Bitcoin is subject to impairment losses if the fair value of bitcoin decreases below the carrying value during the assessed period. The Financial Accounting Standards Board (FASB) is currently reviewing impairment costs associated with digital assets on the balance sheet.

“If the reporting methods are adjusted by the FASB and the impairment costs are lifted for select digital assets, such as bitcoin, corporate adoption is likely to increase,” Olszewicz said. “Bitcoin on the balance sheet will then accurately reflect realistic market prices rather than the lowest price while the asset is being held.”

Ben McMillan, chief investment officer at IDX Digital Assets, told Blockworks macro headwinds are keeping many institutional investors in a risk-off posture. Still, such investors are starting to mull when it might make sense to become bitcoin buyers.

“As far as companies holding bitcoin on their balance sheets, I think those types of buyers will be more rare,” McMillan said. “The volatility is something investors are paid to underwrite, whereas — for corporate treasuries — it’s potentially a much bigger headache to explain on a quarterly earnings call.”

Will other large BTC holders buy more?

Though MicroStrategy continues to purchase bitcoin — a strategy it has doubled down on despite the attorney general for Washington DC launching a lawsuit against Saylor and his company — other large publicly traded holders of bitcoin have taken a break.

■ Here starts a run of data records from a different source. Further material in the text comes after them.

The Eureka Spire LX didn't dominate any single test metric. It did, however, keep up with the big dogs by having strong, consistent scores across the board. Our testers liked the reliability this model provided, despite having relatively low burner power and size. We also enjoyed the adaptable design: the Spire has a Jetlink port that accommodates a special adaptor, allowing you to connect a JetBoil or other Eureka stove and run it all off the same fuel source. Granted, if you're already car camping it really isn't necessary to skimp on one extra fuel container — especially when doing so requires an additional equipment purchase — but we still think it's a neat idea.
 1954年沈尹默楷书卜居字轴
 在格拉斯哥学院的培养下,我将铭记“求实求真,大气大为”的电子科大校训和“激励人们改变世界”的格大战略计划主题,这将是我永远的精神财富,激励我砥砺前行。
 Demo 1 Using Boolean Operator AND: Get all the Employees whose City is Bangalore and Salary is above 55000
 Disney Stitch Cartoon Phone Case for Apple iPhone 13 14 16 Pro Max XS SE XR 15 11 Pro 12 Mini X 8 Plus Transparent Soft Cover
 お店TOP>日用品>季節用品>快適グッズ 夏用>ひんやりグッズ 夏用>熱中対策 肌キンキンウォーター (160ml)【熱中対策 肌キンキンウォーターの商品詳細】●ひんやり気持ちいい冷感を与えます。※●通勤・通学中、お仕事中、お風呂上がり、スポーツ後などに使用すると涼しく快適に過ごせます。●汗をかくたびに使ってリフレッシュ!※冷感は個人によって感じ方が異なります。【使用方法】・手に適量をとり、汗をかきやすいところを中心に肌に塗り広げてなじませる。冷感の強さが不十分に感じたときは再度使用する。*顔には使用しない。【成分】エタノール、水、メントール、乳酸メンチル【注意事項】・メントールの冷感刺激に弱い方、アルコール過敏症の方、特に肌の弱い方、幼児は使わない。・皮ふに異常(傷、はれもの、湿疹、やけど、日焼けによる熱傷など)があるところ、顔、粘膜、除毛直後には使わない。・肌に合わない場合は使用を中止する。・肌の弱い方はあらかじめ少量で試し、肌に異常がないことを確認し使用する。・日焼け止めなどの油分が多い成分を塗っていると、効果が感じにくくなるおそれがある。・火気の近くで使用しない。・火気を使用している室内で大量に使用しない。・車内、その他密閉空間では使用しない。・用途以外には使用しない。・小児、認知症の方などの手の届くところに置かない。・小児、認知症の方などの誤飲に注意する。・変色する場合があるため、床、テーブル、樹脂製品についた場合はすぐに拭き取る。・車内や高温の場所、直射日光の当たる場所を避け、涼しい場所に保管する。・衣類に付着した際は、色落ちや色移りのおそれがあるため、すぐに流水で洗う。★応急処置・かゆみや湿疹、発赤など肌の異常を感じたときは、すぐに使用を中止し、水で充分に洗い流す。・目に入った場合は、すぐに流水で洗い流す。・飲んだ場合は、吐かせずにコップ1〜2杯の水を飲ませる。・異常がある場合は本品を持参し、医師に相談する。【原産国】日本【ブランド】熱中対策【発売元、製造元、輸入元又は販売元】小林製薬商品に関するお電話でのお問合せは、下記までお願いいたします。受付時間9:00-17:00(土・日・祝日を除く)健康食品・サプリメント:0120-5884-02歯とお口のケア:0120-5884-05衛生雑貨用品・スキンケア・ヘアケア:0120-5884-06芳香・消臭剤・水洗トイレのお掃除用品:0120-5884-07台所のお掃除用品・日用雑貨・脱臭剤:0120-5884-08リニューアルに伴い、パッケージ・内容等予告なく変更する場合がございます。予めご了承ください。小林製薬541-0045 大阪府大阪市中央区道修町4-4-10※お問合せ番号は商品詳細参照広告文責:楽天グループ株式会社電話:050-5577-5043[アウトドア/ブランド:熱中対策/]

Tesla is currently holding 10,800 BTC, according to bitcointreasuries.net. Bought for roughly $560 million, its current value is roughly $205 million.

After spending $1.5 billion to acquire around 43,200 BTC in the first quarter of 2021, the company sold roughly 75% of its bitcoin in the second quarter of this year for $936 million. It endured a $170 million impairment loss on its digital asset holdings that quarter. 

CEO Elon Musk said at the time the sale “should not be taken as some verdict on bitcoin,” adding Tesla could increase its BTC holdings in the future. 

But Morningstar Equity Strategist Seth Goldstein told Blockworks that given the company’s recent sale of bitcoin, he doesn’t expect Tesla to resume purchases for at least another year. 

“Tesla’s purchase of bitcoin was a part of the company preparing to potentially accept it as a form of payment,” he said. “Should Tesla decide to pursue this payment option in the future, they may purchase more bitcoin in advance.”

Meanwhile, Block (formerly Square) currently holds about 8,000 BTC worth roughly $150 million. The company, which invested $50 million and $170 million in bitcoin during the fourth quarter of 2020 and first quarter of 2021, respectively, recognized a bitcoin impairment loss of $36 million in this year’s second quarter.

Spokespeople for Tesla and Block did not return requests for comment.

As for additional industries considering adding bitcoin to their balance sheets, Olszewicz said the chatter has quieted — for now.

“It doesn’t mean that some companies aren’t taking advantage of the dip and seeing it as a buying opportunity,” he said. “We only ever find out about these purchases after the fact, and it wouldn’t be surprising to see more companies announce later this year that they bought now.”